Source data:
--
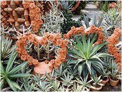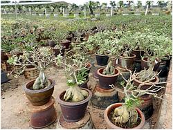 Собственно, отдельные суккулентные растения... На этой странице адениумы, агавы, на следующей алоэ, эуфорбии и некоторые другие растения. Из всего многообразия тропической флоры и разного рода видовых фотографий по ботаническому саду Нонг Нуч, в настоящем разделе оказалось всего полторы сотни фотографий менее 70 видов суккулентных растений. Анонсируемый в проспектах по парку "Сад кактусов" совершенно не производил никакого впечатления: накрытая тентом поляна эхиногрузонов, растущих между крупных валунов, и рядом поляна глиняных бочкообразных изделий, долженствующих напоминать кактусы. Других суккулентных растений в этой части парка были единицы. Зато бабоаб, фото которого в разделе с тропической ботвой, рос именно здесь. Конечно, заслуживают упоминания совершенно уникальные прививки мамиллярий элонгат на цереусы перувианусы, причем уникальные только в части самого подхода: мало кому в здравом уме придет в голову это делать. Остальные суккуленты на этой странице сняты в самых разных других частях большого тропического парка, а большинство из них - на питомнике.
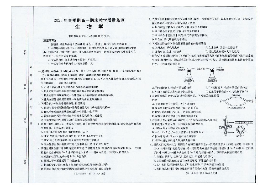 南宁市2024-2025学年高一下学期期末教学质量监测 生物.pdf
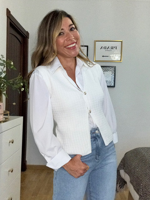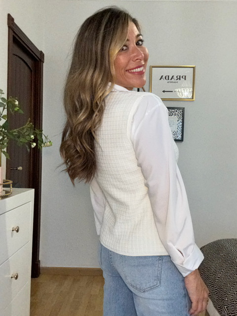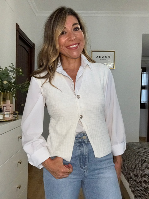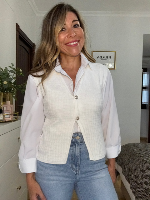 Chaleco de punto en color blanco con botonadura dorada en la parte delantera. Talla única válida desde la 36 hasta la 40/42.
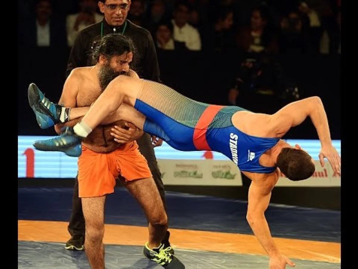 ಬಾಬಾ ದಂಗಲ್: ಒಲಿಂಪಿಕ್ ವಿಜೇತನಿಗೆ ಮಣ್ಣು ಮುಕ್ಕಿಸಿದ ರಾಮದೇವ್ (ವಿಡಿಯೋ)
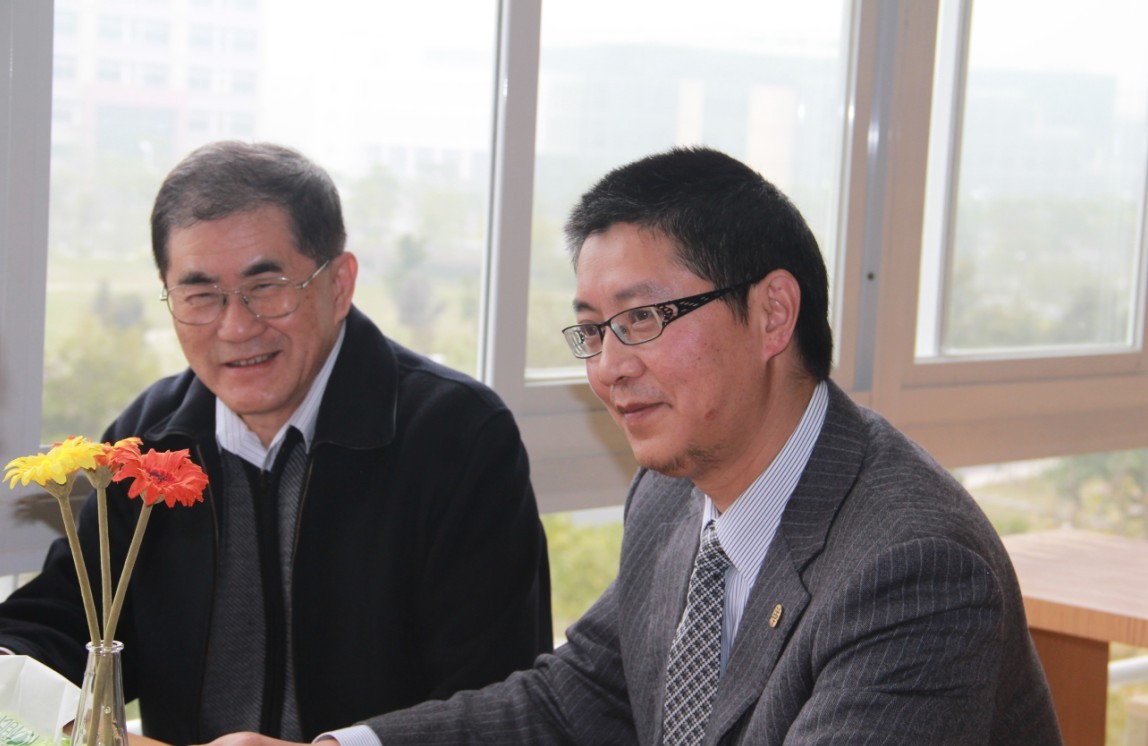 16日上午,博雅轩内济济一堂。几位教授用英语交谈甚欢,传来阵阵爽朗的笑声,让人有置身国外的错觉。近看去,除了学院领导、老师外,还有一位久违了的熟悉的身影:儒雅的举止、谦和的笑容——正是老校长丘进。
--
**Problem to solve:** What is wanted is an exact copy of the lines from the line with "Chaleco de punto" through the end of the records, both ends included, pictures excluded.

**Task result:**
 Chaleco de punto en color blanco con botonadura dorada en la parte delantera. Talla única válida desde la 36 hasta la 40/42.
 ಬಾಬಾ ದಂಗಲ್: ಒಲಿಂಪಿಕ್ ವಿಜೇತನಿಗೆ ಮಣ್ಣು ಮುಕ್ಕಿಸಿದ ರಾಮದೇವ್ (ವಿಡಿಯೋ)
 16日上午,博雅轩内济济一堂。几位教授用英语交谈甚欢,传来阵阵爽朗的笑声,让人有置身国外的错觉。近看去,除了学院领导、老师外,还有一位久违了的熟悉的身影:儒雅的举止、谦和的笑容——正是老校长丘进。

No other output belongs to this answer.